Waterfalls dropped from on high, vapors drifting off like
steam. Squirrels and deer haunt the shadows. Snow lay thick on the high ground,
but the sky was crisp and blue. Pine, spruce and fir trees, so foreign and lush
to my Australian eyes, stood around clear quiet lakes.
Yosemite is rich in history. Until 1851 it was home to the
Ahwahneechee tribe of indigenous Americans, but with white settlers flooding to
California during the gold rush, they were routed and by 1855 tourists were
arriving. In 1864 Abraham Lincoln signed the Yosemite Grant, which entrusted
the valley to the state “for public use, resort and recreation.” This was eight years before Yellowstone became
the world’s first official National Park.

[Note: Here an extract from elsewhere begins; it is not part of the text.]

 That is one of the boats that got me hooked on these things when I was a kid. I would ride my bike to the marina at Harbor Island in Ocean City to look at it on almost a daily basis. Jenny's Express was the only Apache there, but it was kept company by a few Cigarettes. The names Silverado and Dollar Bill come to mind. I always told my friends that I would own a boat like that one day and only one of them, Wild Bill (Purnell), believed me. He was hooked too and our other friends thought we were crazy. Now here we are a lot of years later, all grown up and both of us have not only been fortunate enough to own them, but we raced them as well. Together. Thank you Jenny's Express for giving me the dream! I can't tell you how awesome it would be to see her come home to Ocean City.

I sensed it was a special place. And, I soon learned, I
wasn’t alone. Yosemite National Park is the United States’ most popular and
receives three and a half million visitors a year. Like busy little ants we
shuttled around, from carpark to booking office to campsite.
On one hand, I thought it was fantastic that so many people
were connecting with the real world, breathing the fresh air and walking the
trails. On the other hand I really wouldn’t have minded if some of these people
had buggered off to the shopping malls in the nearest city.

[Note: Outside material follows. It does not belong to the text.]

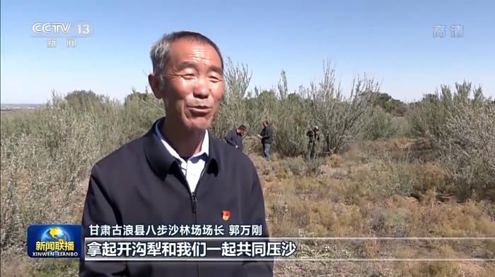 甘肃古浪县八步沙林场场长 郭万刚:2019年习近平总书记来到我们八步沙林场,拿起开沟犁,和我们一起共同压沙。总书记叮嘱我们要持续用力,久久为功。我们将持续践行习近平生态文明思想,牢记“困难面前不低头,敢把沙漠变绿洲”的新时代愚公精神,种更多的树,压更多的沙,以实际行动迎接党的二十大的胜利召开。

The park covers over three thousand square kilometres, but
the majority of visitors stay within the eighteen square kilometres of Yosemite
Valley. The glacier-carved valley is spectacular, more than worthy of this
attention. This is where the peaks with names like Half Dome, the Sentinel and El
Capitan are found. With their stark, striking forms they have become recognisable,
almost like a symbol you’d see on a tshirt.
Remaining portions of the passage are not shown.